Our primary dataset is built directly from the official Centers for Medicare & Medicaid Services (CMS) CY 2026 Ambulance Fee Schedule (AFS). This federally maintained database details the exact maximum allowable amounts the government will reimburse participating providers for ground and air ambulance transports across the United States.
The Power of the CMS Baseline
Private ambulance companies and municipal fire departments legally have the freedom to set their own "Sticker Prices," which are often astronomically inflated to serve as starting points for negotiations with private insurance companies. Because these sticker prices vary wildly from county to county and provider to provider, there is no reliable national average for retail transport bills.
However, the CMS fee schedule offers a concrete, federally-audited baseline. It represents what the government has objectively calculated that a transport should cost in any given locality to fairly compensate providers for their equipment, fuel, and highly-trained medical staff, while protecting patients from surprise billing.

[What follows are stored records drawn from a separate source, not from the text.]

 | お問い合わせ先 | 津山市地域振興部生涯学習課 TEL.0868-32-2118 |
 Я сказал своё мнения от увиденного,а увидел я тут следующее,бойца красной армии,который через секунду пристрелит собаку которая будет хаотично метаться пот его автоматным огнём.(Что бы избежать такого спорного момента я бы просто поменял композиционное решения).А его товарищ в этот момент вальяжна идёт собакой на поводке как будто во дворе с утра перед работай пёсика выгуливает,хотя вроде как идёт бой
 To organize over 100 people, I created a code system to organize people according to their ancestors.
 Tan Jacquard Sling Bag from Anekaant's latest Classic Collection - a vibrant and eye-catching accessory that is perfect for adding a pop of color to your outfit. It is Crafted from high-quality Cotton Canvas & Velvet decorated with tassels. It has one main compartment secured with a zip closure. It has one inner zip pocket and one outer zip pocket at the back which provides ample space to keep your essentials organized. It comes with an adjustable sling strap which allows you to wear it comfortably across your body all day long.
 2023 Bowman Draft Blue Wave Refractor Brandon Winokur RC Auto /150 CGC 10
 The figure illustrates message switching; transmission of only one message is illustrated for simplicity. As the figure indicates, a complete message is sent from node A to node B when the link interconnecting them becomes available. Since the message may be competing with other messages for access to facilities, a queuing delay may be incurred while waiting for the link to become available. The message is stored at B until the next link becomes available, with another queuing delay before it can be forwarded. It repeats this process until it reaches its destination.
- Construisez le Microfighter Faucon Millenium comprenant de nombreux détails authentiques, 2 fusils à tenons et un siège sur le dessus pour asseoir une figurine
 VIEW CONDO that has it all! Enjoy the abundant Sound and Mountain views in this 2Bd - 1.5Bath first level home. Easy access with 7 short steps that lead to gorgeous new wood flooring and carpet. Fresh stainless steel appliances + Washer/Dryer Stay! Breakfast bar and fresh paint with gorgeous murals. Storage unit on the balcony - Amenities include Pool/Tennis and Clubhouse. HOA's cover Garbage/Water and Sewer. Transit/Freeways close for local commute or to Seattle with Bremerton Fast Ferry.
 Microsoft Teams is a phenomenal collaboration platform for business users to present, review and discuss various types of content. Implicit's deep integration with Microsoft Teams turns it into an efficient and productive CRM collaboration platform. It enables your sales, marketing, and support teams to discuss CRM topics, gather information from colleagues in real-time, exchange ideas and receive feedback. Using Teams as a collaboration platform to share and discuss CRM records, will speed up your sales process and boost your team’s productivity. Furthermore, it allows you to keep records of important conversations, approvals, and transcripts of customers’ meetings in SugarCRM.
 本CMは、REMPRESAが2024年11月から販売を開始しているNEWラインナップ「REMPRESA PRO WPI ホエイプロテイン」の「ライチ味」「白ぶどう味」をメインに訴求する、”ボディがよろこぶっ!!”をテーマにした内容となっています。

How CMS Factors in Location
A transport in downtown Manhattan costs differently to run than a transport in rural Montana. To account for this, the CMS dataset applies specific locality modifiers to its national base rates:
- Urban Zones: Base rates are adjusted using the specific Geographic Practice Cost Index (GPCI) for that metropolitan area, factoring in elements like local rent and wage standards.
- Rural Zones: Providers operating in rural areas receive a bonus modifier. This helps subsidize emergency networks that experience lower call volumes but must maintain 24/7 readiness over vast service areas.
- Super-Rural Zones: The CMS identifies areas in the lowest 25th percentile of population density as 'Super-Rural'. Transports originating in these remote areas receive an additional 22.6% bonus multiplier to prevent the total collapse of local emergency infrastructure.